今日、ほとんどの人は、明日何の理由もなく虐殺されるかもしれないという恐怖に怯えて暮らしているわけでも、戦争が勃発してすべてを失うかもしれないという恐怖に囚われているわけでもありません。ロビン・フッドのような人物が現れて富裕層の財産を奪うのではないかと心配することなく、山を越えて旅をすることもできます。彼らは戦争や社会を転覆させるような大規模な革命を望んでおらず、流血なしに問題が解決されることを願っているのです。私たちは教育を受け、戦争の勃発は非人道的であり、決して許されてはならないという認識を持って生活しています。現代社会は「地球村」と呼ばれるほど密接に結びついており、ある国で起きた出来事は他の国にも波及効果をもたらします。貿易や外交を通じて、国家間のつながりはさらに強化されてきました。地理的に遠く離れている国や、異なるイデオロギーを持つ国同士でさえ、関係は切り離せないものとなっています。

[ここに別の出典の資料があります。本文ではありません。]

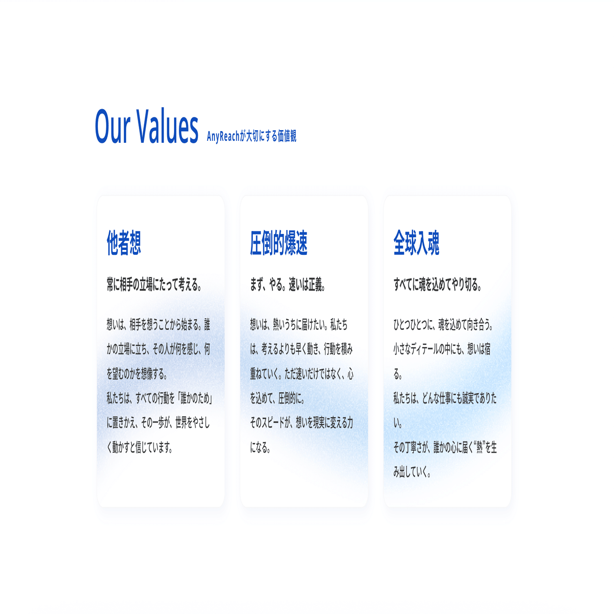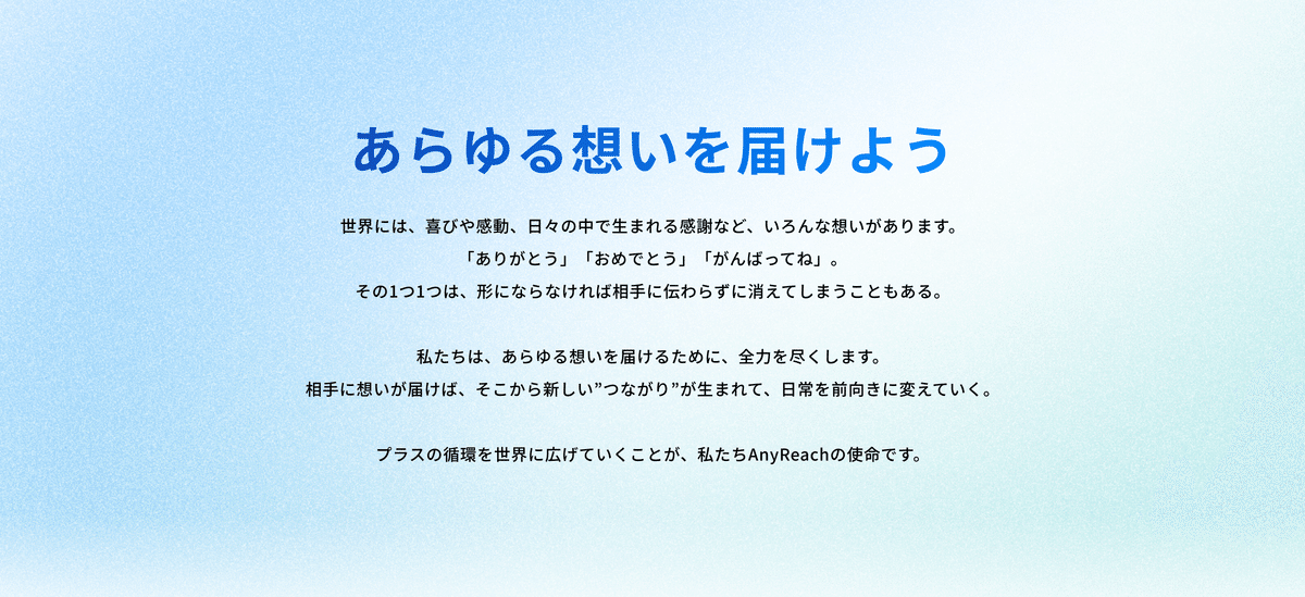 プラスの循環を世界に広げていくことが、私たちAnyReachの使命です。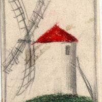 - Sobre un monte verde se levanta un molino de paredes blancas y tejado rojo con grandes hélices. El dibujo se encuentra enmarcado.Boceto realizado para la ilustración de la revista semanal Novelas y Cuentos. Titulo: Castas de mi molino. Autor: Alfonso Daudet. Nº publicado: 1259. Fecha: 26-06-1955. Tomo NC.: 46.

こうした状況において、現代社会は過去の時代には経験したことのない新たな課題に直面しています。特に、技術の進歩に伴って出現した新たな脅威は、過去とは異なる形で私たちの生活に影響を与えています。例えば、インターネットの発展に伴い情報流通が劇的に加速したことで、私たちは物理的な領域だけでなくサイバー空間においても戦争を経験する可能性が高まっています。ハッキング、サイバーテロ、情報操作といった目に見えない戦争は、社会に新たな恐怖を植え付けています。これらの脅威は国家間の対立を激化させ、時には従来の戦争よりも大きな破壊力を持つこともあります。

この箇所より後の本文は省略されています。